Europe is the largest market for thematic funds, accounting for 55% of global thematic fund assets, having expanded from 15% since 2002. In the US, thematic funds’ market share shrank to 21% from 51% over the same period.
Funds tracking Multiple Technology Themes, with $105 billion in combined assets, represent the most popular thematic grouping globally. These funds’ tendency to favor disruptive technology companies influences where they land on the Morningstar Style Box. In the US, 70% of thematic funds fit on the growth side of the Morningstar Equity Style Box, while just 7% landed on the value side.
Morningstar Direct users can access the Thematic Funds Dataset through the firm’s “Analytics Lab” to understand the Morningstar thematic funds landscape. They can see which open-end funds and exchange-traded funds are classified to a specific theme, where they fall in the thematic taxonomy, what their growth rate has been and which are most popular.
Personalized SMAs: A new product class
The latest issue of The Cerulli Edge—U.S. Monthly Product Trends, analyzes mutual fund and exchange-traded fund (ETF) product trends as of February 2022, assesses the future trajectory of personalized separately managed accounts (SMAs), and explores why asset managers are expanding their ETF and SMA capabilities.
Highlights from this research:
Outflows from mutual funds accelerated into February, with funds suffering $32.1 billion in net negative flows vs. just $13.0 billion in January. Assets fell more than 2% to $19.3 trillion; they are now down nearly $1.5 trillion from year-end 2021 ($20.8 trillion). ETF assets declined 1.1% to $6.8 trillion, but net flows remained positive at $79.7 billion.

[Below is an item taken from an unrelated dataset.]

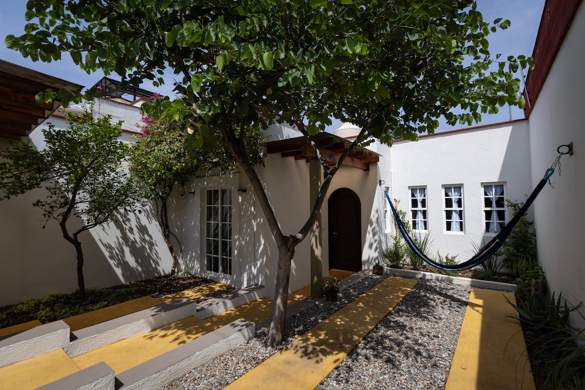 Esta magnífica casa está dividida en dos áreas: la casa principal alberga 3 habitaciones y un segundo edificio tiene 2 habitaciones adicionales. Se puede configurar otro espacio en esta segunda casa para los huéspedes que requieran un dormitorio a nivel de la calle. Con ladrillo visto, suelos de madera y un diseño intrincado, la propiedad de 16145 pies cuadrados se encuentra en uno de los barrios más bonitos y tranquilos de Oaxaca. Un maravilloso jardín te espera al entrar, ¡te encantará tu estancia aquí! Uno de los 5 mejores alojamientos en Oaxaca según la valoración de TimeOut.

Asset management firms are applying the algorithmic portfolio construction techniques of direct indexing to fixed income and active equity strategies, opening a broader class of products known as personalized SMAs.
Personalized SMAs offer customized investor solutions. Cerulli expects them to challenge mutual funds and other ’40-Act’ products. Asset management firms will need to integrate these solutions with managed account sponsors and position them with advisers and their clients.
The process of creating a vehicle-agnostic lineup, with products that fit the needs of distribution partners, is a process that does not stop when ETFs and SMAs go to market. Asset managers must continuously evolve their offerings to fit the changing needs and technologies of partner firms. “The more that an asset manager’s new vehicle offerings dovetail with a sponsor’s technology, and the more that they solve a problem for financial advisors using the platform, the better the chance of distribution success,” Cerulli said.